[Exercise goal]:
Take the records below and extract, word for word, the lines from the one containing "Fine example of" through the final line, inclusive. Omit pictures.

── Working data

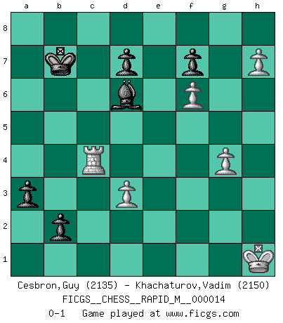 Last move : 0-1 2009 April 23 0:50:7 [Event "FICGS__CHESS__RAPID_M__000014"] [Site "FICGS"] [Date "2008.12.07"] [Round "1"] [White "Cesbron,Guy"] [Black "Khachaturov,Vadim"] [Result "0-1"] [WhiteElo "2135"] [BlackElo "2150"] 1.e4 c5 2.Nf3 Nc6 3.d4 cxd4 4.Nxd4 Nf6 5.Nc3 e5 6.Nde2 Bb4 7.a3 Ba5 8.f3 O-O 9.Bg5 h6 10.Bh4 Re8 11.Qc1 Qe7 12.b4 Bd8 13.Nd5 Qd6 14.Bxf6 Bxf6 15.Qe3 Bd8 16.Nec3 a6 17.Rd1 Nd4 18.Qf2 b5 19.f4 Nc6 20.f5 Nd4 21.Bd3 Bb7 22.O-O Rc8 23.Qg3 Kh8 24.Kh1 Bg5 25.f6 gxf6 26.Ne2 Bxd5 27.Nxd4 Be6 28.Nf5 Bxf5 29.Rxf5 Qb6 30.Qf3 Rc3 31.g3 Kg7 32.Qg4 Kf8 33.Rdf1 Re6 34.Qe2 Ke7 35.Re1 Rd6 36.Rf3 h5 37.h4 Bh6 38.Rf5 Bc1 39.Qxh5 Bxa3 40.Rxe5+ Re6 41.Rxe6+ Qxe6 42.g4 Bxb4 43.e5 Kd8 44.Re4 a5 45.Qh8+ Kc7 46.exf6 Qc6 47.Qh5 Rxd3 48.cxd3 a4 49.Qe5+ Bd6 50.Qd4 Kb7 51.h5 a3 52.h6 b4 53.h7 b3 54.Qc4 Qxc4 55.Rxc4 b2 0-1 Sicilian : Pelikan (Lasker/Sveshnikov) variation Kingside Castling by player Black (move 8) Kingside Castling by player White (move 22) Player Black won this chess game. Follow this game move after move (download)By this measure (on the gap between Fischer & his contemporaries), I consider him the greatest world champion. (Garry Kasparov) Du kannst im Schach nur gut werden, wenn du das Spiel liebst. (Robert James Fischer) El ganar no lo es todo... pero el perder es nada. (Mednis) Les échecs sont un jeu par leur forme, un art par leur essence et une science par sa difficulté d'acquisition. Ils peuvent vous procurer autant de plaisir qu'un bon livre ou une belle musique, mais vous n'aurez une réelle joie que si vous arrivez à bien jouer. (Tigran Petrosian) Art disturbs, science reassures. (Georges Braque, Le Jour et la Nuit)
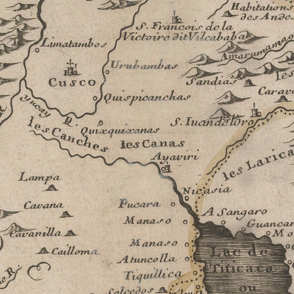 Fine example of De Fer's map of Peru and contiguous parts of the Andes and Upper Amazon River Basin.
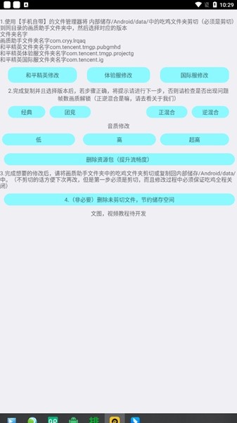野樱画质助手三楼版适合吃鸡的手机软件,适用于各种吃法游戏以及和平精英等手游上使用,一键调整超高清画面分辨率让你享受更清晰的画质体验,还可以进行灵敏度调节哦,有兴趣的朋友欢迎下载!
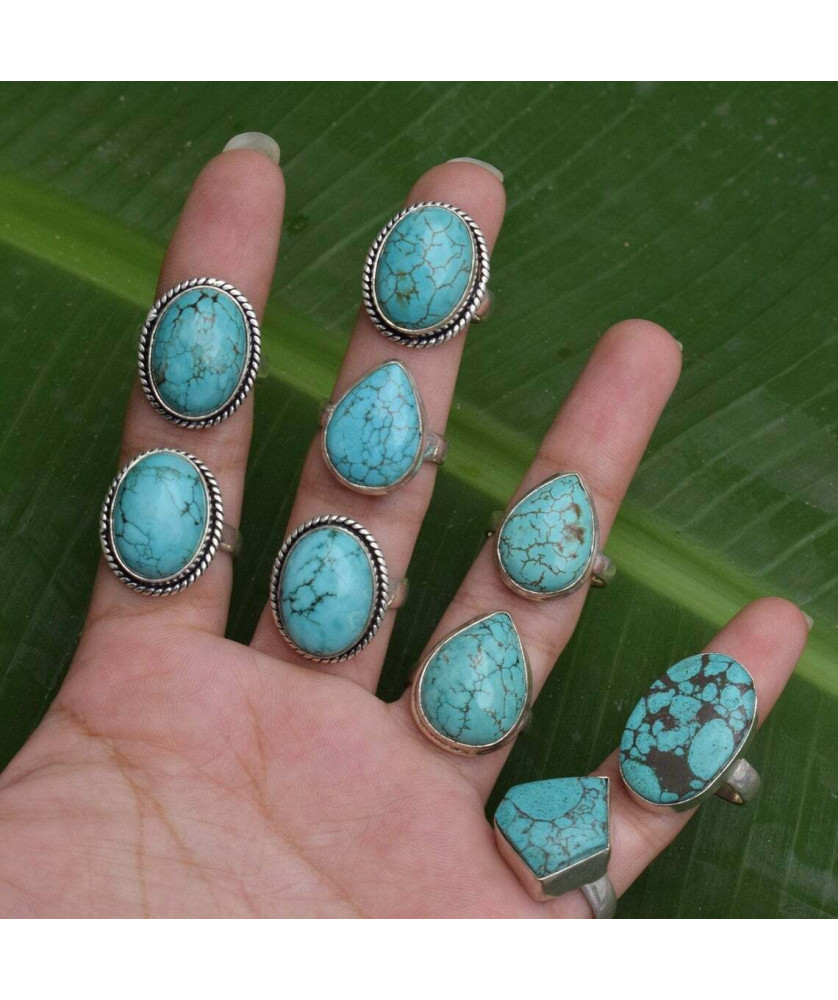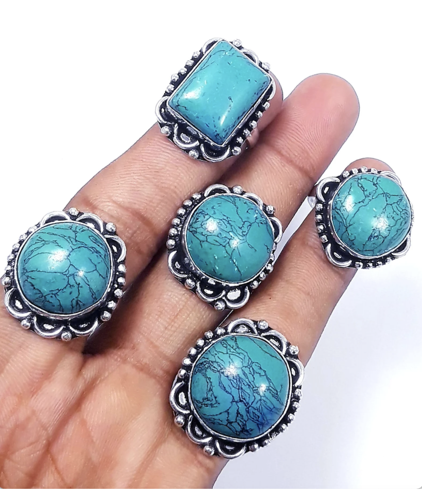 100 PC Turquoise Wholesale Lot 925 Sterling Silver Plated Jewelry RGTC-060
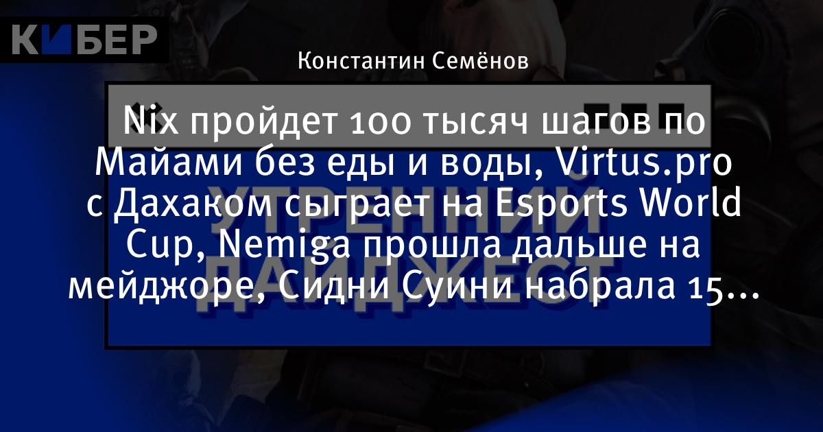 Nix пройдет 100 тысяч шагов по Майами без еды и воды, Virtus.pro с Дахаком сыграет на Esports World Cup, Nemiga прошла дальше на мейджоре, Сидни Суини набрала 15 килограмм и другие новости утра
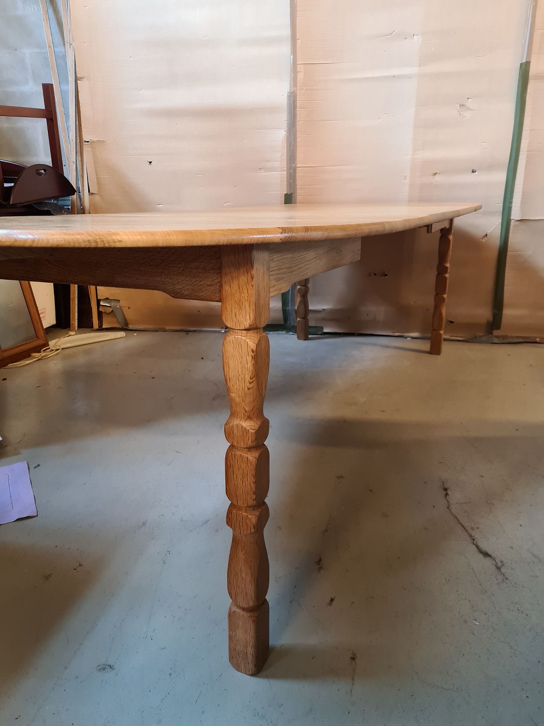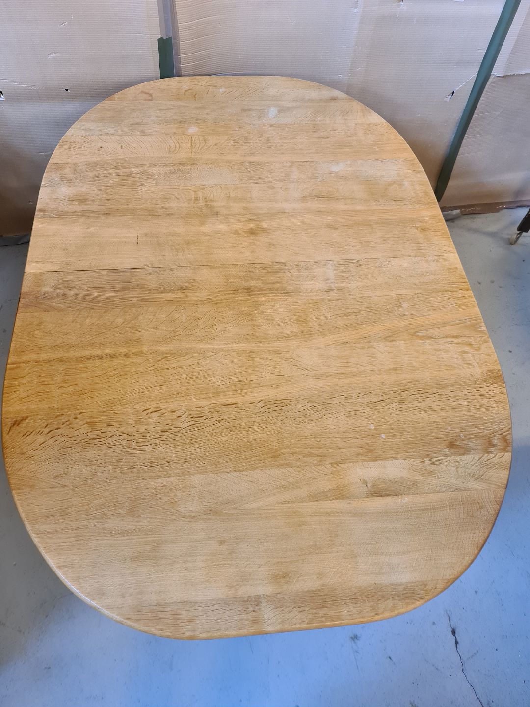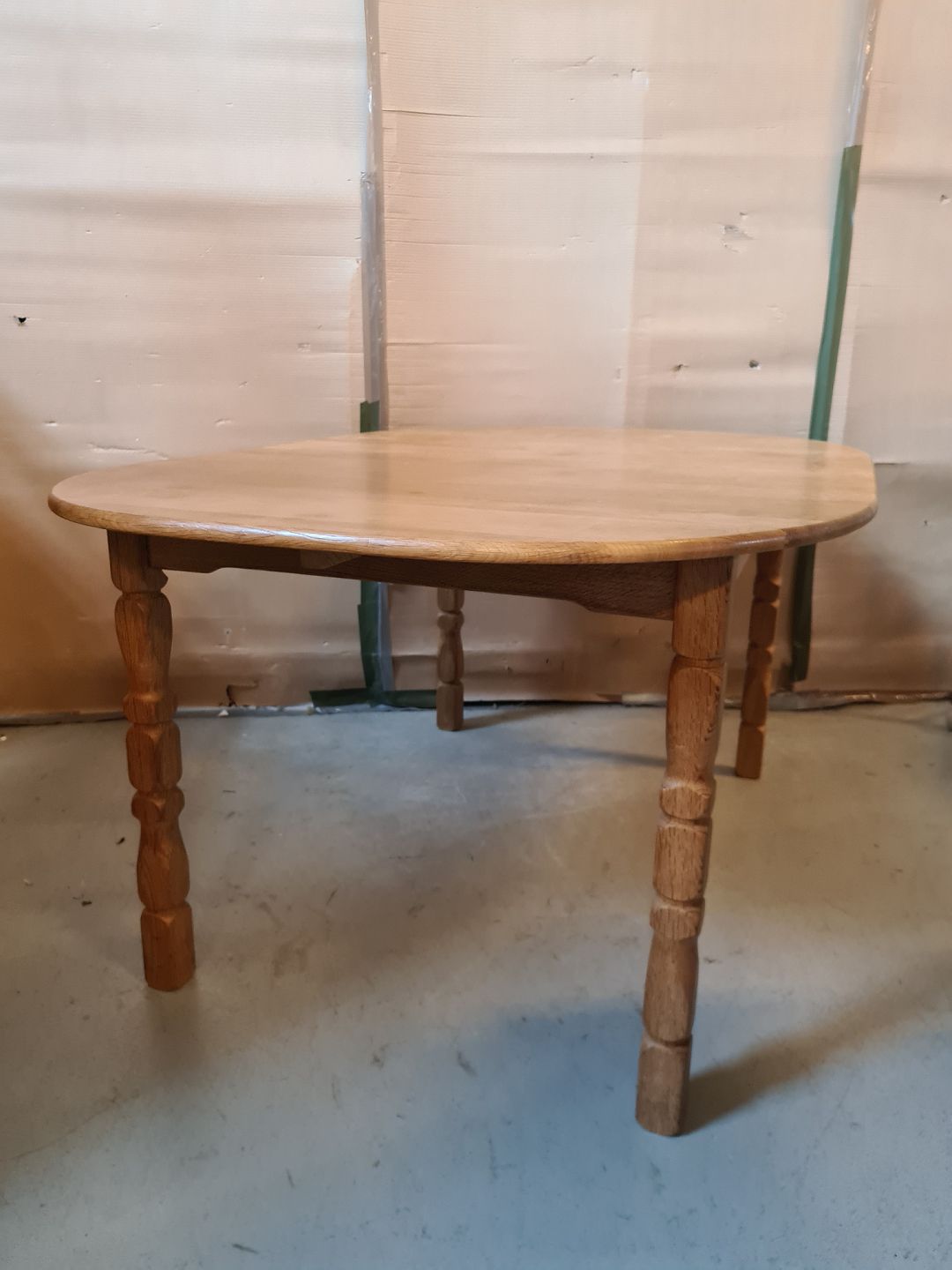 Spisebord i massivt egetræ med 2 tillægsplader, fra 1980erne.
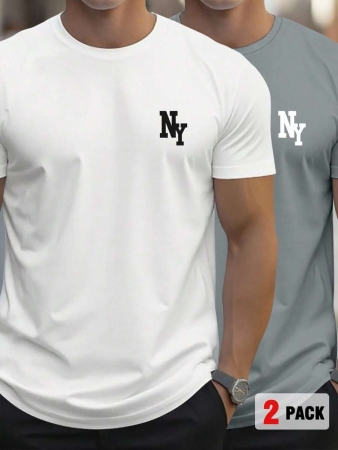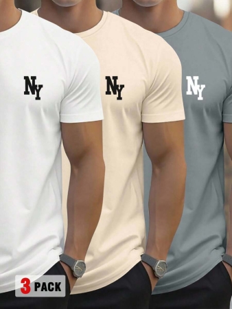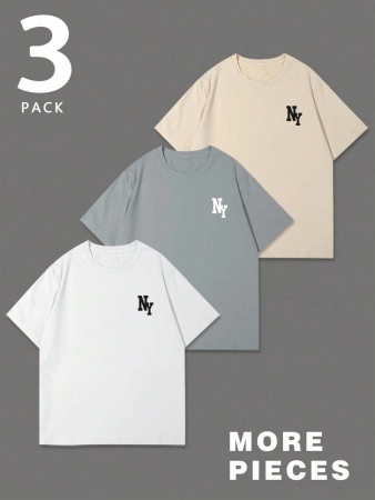 3 reviews for Manfinity Homme Men’s Casual Letter Print Round Neck Short Sleeve T-Shirt, Summer
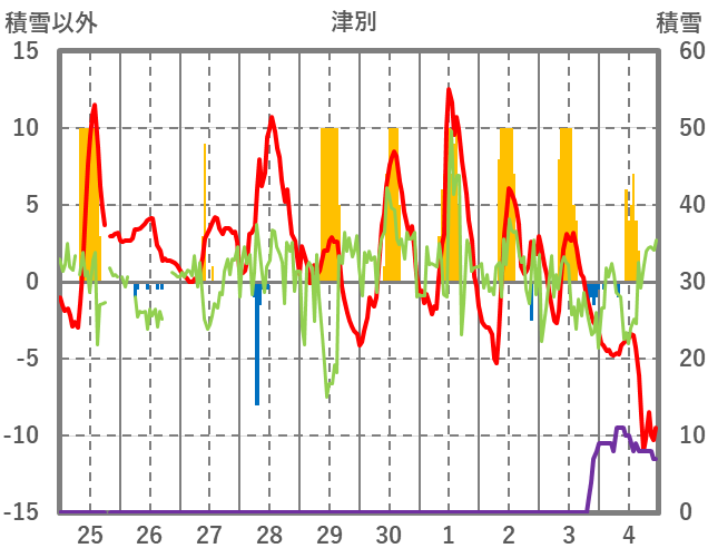 | 日 | 時 | 気温 | 降水 | 風向/風速 | 日照 | 積雪 | 降雪 |

────

[Output of the exercise]:
 Fine example of De Fer's map of Peru and contiguous parts of the Andes and Upper Amazon River Basin.
野樱画质助手三楼版适合吃鸡的手机软件,适用于各种吃法游戏以及和平精英等手游上使用,一键调整超高清画面分辨率让你享受更清晰的画质体验,还可以进行灵敏度调节哦,有兴趣的朋友欢迎下载!
 100 PC Turquoise Wholesale Lot 925 Sterling Silver Plated Jewelry RGTC-060
 Nix пройдет 100 тысяч шагов по Майами без еды и воды, Virtus.pro с Дахаком сыграет на Esports World Cup, Nemiga прошла дальше на мейджоре, Сидни Суини набрала 15 килограмм и другие новости утра
 Spisebord i massivt egetræ med 2 tillægsplader, fra 1980erne.
 3 reviews for Manfinity Homme Men’s Casual Letter Print Round Neck Short Sleeve T-Shirt, Summer
 | 日 | 時 | 気温 | 降水 | 風向/風速 | 日照 | 積雪 | 降雪 |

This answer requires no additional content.